## Task instructions
A faithful transcription of all the data, images excluded, is the required answer.

··········

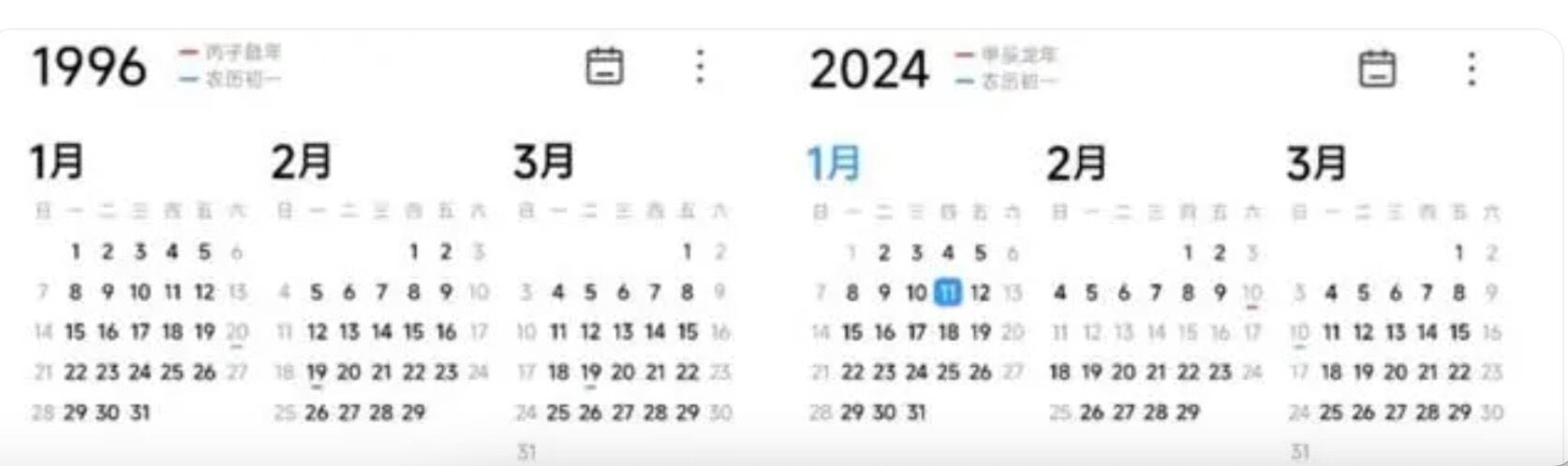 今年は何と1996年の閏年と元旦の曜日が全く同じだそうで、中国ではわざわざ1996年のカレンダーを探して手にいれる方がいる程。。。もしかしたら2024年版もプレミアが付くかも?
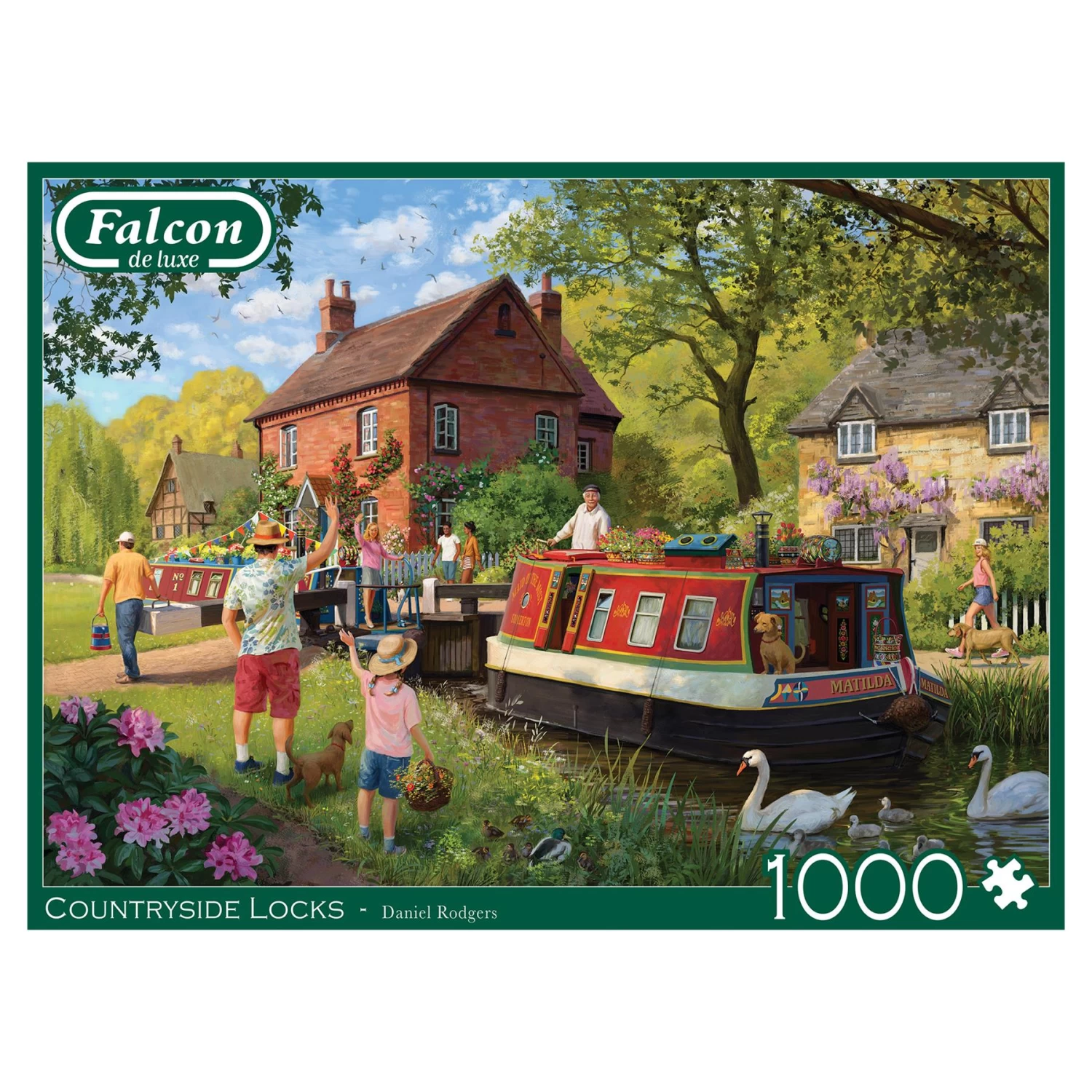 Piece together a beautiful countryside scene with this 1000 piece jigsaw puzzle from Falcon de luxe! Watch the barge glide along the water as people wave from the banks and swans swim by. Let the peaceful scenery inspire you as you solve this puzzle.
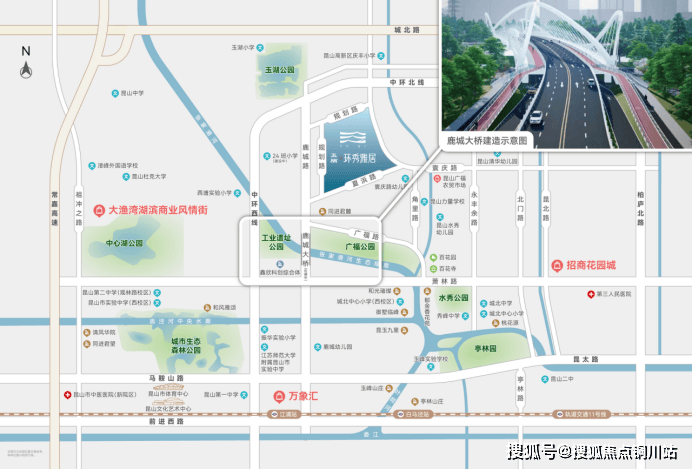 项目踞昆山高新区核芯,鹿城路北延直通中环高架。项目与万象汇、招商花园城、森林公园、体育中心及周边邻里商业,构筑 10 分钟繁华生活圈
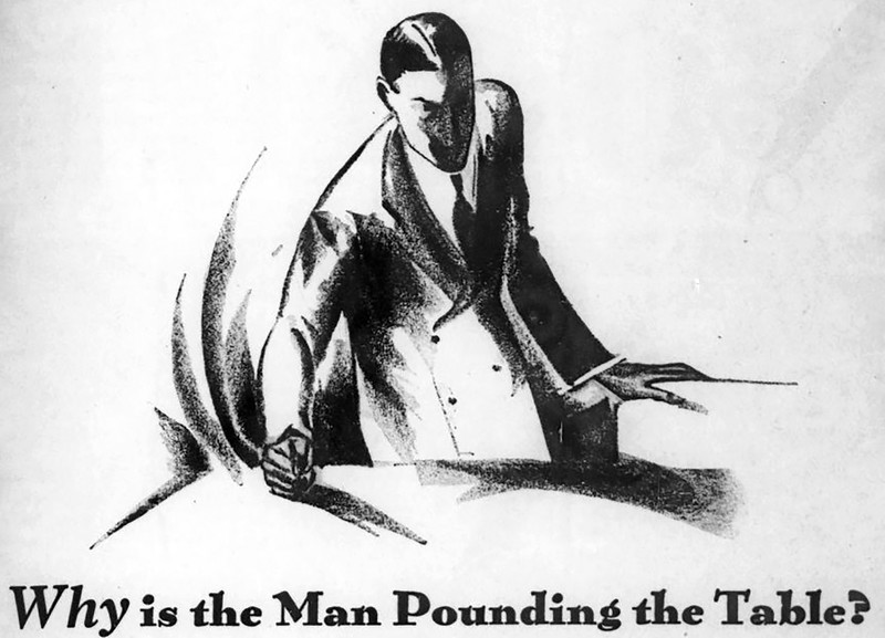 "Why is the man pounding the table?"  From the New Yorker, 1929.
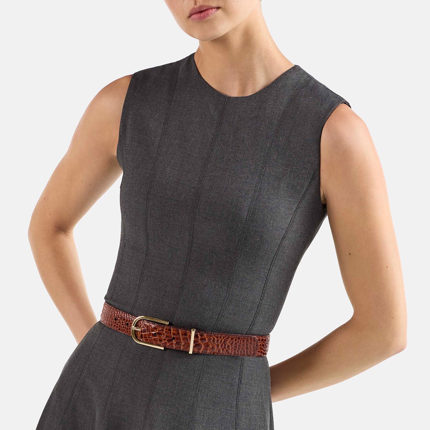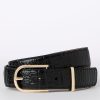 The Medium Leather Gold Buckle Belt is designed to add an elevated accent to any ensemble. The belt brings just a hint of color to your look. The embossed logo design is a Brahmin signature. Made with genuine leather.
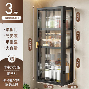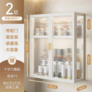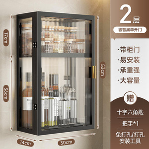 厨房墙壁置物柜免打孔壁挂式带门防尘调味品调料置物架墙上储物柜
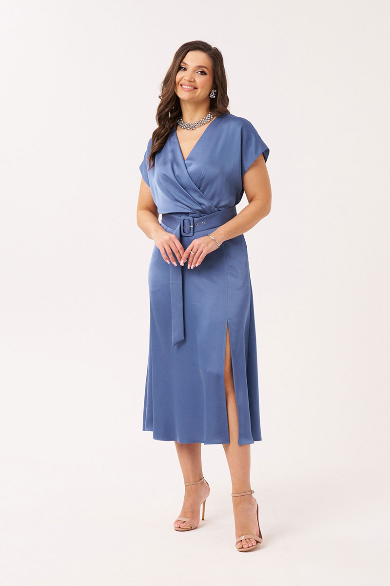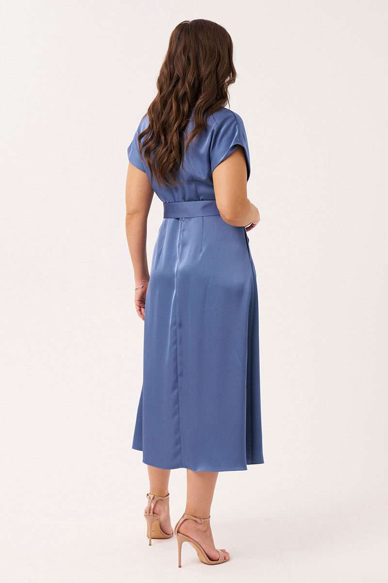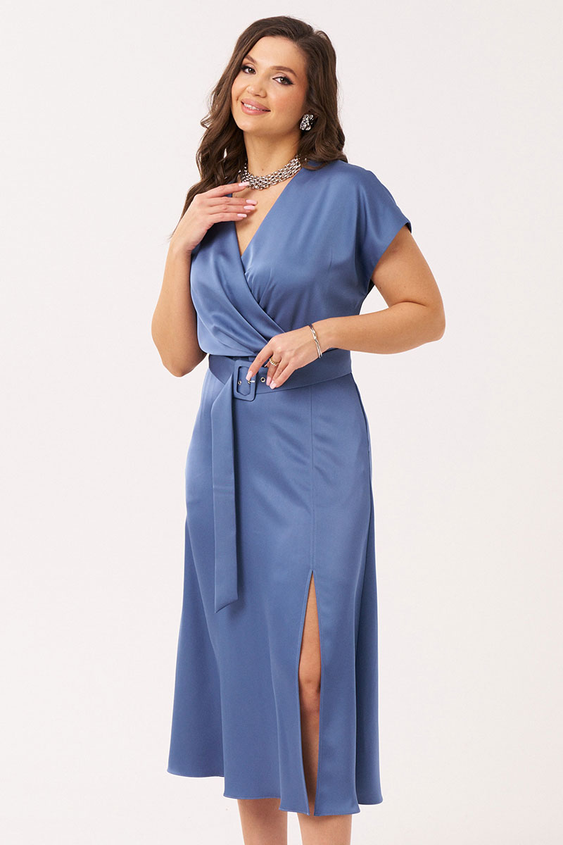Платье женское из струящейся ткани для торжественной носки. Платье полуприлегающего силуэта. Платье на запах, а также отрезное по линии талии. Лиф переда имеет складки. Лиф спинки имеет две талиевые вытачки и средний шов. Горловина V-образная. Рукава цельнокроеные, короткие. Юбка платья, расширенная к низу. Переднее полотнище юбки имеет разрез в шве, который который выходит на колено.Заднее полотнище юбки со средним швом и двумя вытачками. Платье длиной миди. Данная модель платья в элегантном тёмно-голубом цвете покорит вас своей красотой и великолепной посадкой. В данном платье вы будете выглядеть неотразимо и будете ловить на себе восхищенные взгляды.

··········

## Solution to this task
 今年は何と1996年の閏年と元旦の曜日が全く同じだそうで、中国ではわざわざ1996年のカレンダーを探して手にいれる方がいる程。。。もしかしたら2024年版もプレミアが付くかも?
 Piece together a beautiful countryside scene with this 1000 piece jigsaw puzzle from Falcon de luxe! Watch the barge glide along the water as people wave from the banks and swans swim by. Let the peaceful scenery inspire you as you solve this puzzle.
 项目踞昆山高新区核芯,鹿城路北延直通中环高架。项目与万象汇、招商花园城、森林公园、体育中心及周边邻里商业,构筑 10 分钟繁华生活圈
 "Why is the man pounding the table?"  From the New Yorker, 1929.
 The Medium Leather Gold Buckle Belt is designed to add an elevated accent to any ensemble. The belt brings just a hint of color to your look. The embossed logo design is a Brahmin signature. Made with genuine leather.
 厨房墙壁置物柜免打孔壁挂式带门防尘调味品调料置物架墙上储物柜
Платье женское из струящейся ткани для торжественной носки. Платье полуприлегающего силуэта. Платье на запах, а также отрезное по линии талии. Лиф переда имеет складки. Лиф спинки имеет две талиевые вытачки и средний шов. Горловина V-образная. Рукава цельнокроеные, короткие. Юбка платья, расширенная к низу. Переднее полотнище юбки имеет разрез в шве, который который выходит на колено.Заднее полотнище юбки со средним швом и двумя вытачками. Платье длиной миди. Данная модель платья в элегантном тёмно-голубом цвете покорит вас своей красотой и великолепной посадкой. В данном платье вы будете выглядеть неотразимо и будете ловить на себе восхищенные взгляды.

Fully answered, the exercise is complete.